Automated decision making based on Personal Data is not used in Our business.
Data subject access request
Under the GDPR, a Data Subject has the right to request a record of the data held about him/her. To do this a request should be submitted in writing to the Practice Manager, Shilpa Dave Ltd, Kirby Chemist and Dental Centre, 52 High Street Teddington, TW11 8HD. We may ask the Data Subject to provide Us with proof of identity to make sure We are giving information to the right person.
Other rights of Data Subject
The GDPR gives Data Subjects a number of other rights including the right to request the correction or erasure of Personal Data, the right to request the restriction of processing of Personal Data, the right to request the transfer of Personal Data (to the Data Subjector a third party), and the right to withdraw Your consent to the processing at any time where consent is the lawful basis for processing.
Please note that the ways in which we collect, use and protect Personal Data will be reviewed periodically and may change from time to time. We will notify you by email should such changes occur.

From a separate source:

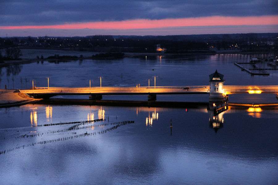| 25.01.2012 - 7:39 Uhr - Kappeln/Schlei: Schleibrücke Ansichten vom PK-Speicher aus am frühen Morgen Foto: Eckhard Schmidt - Kappeln - (C) 2012 |

If you have any questions about privacy issues, want Us to update Your marketing preferences, or amend information, please contact Us either by email at email@example.com or by post at Shilpa Dave Ltd., Kirby Chemist and Dental Centre, 52 High St Teddington, TW11 8HD.
In the first instance, please contact Us using the details above. If this does not resolve your complaint to your satisfaction, You have the right to complain to the Information Commissioner about the way in which we collect and use Your personal Data. Email https://www.ico.org.uk/concerns or telephone 0303 123 1113 or write to ICO, 100 College Road, Harrow, HA1 1BQ.
We are registered with the ICO reference number A8243139.
I agree to the collection and processing of my data in accordance with the terms and conditions detailed above.